Use this file to discover all available pages before exploring further.

The HyperLogLog (HLL) sketch family of functions provides an approximate count of the number of unique elements in one or more columns. HLL functionality is similar to running a query using a COUNT(DISTINCT col) clause and uses the same mechanisms as the aggregate function APPROX_COUNT_DISTINCT. The tradeoff for HLL sketches is accuracy. For further explanation of this tradeoff in accuracy, see the DataSketches documentation.

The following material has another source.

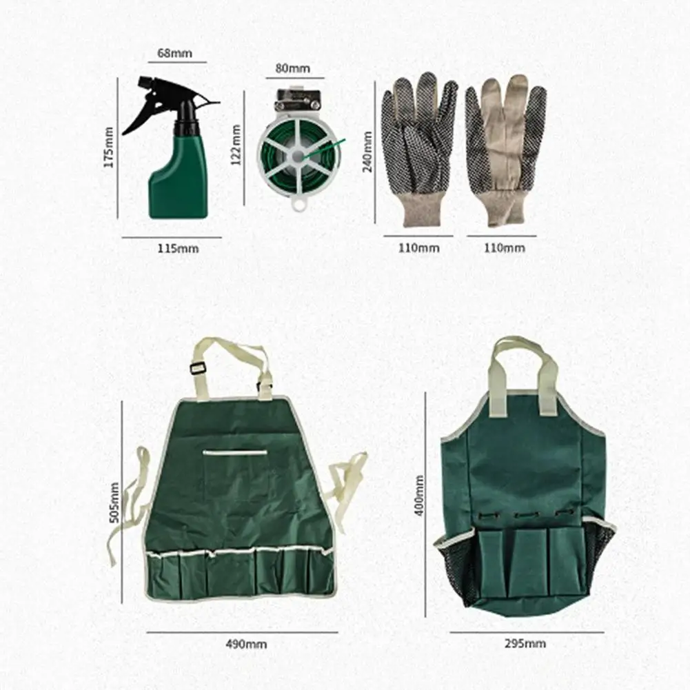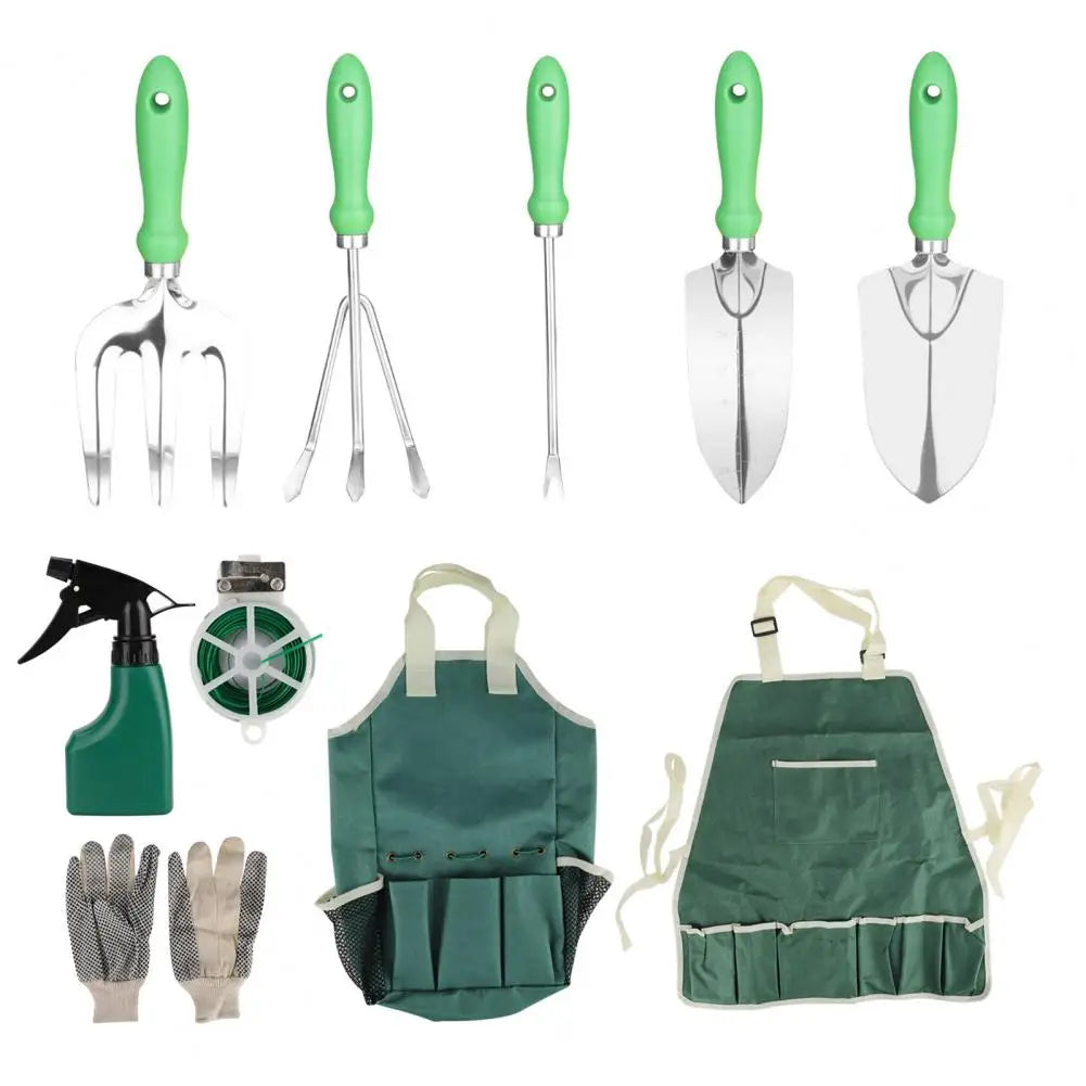 Includes essential tools: hand trowel, transplanter, pruner, weeder, cultivator, and hand rake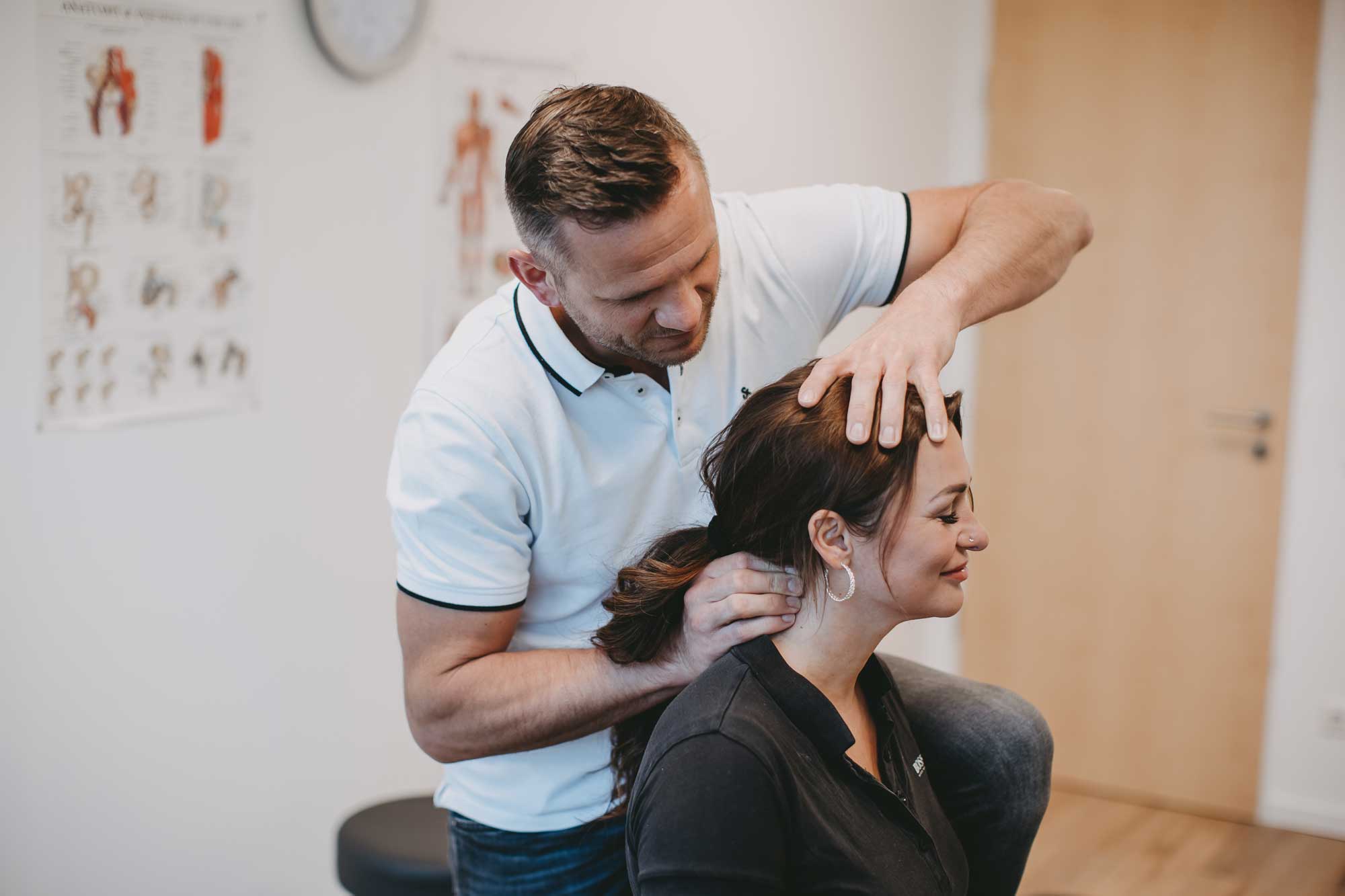 Zur Behandlung gehören Methoden aus der Manuellen Therapie, die sich insbesondere auf den Kopf- und Nackenbereich konzentrieren. Außerdem lernen Sie Übungen kennen, die Sie problemlos zu Hause oder am Arbeitsplatz durchführen können. Regelmäßig angewendet, entspannt sich Ihre Kaumuskulatur nach und nach und das Kiefergelenk arbeitet wieder stressfrei.

Each sketch is an approximate and compact representation of the original data, and it introduces a small margin of error. The HLL implementation is based on the algorithm outlined in the research paper HyperLogLog in Practice. This implementation uses log2k = 11 by default, which provides a percent error of approximately 5% at the 95% confidence interval.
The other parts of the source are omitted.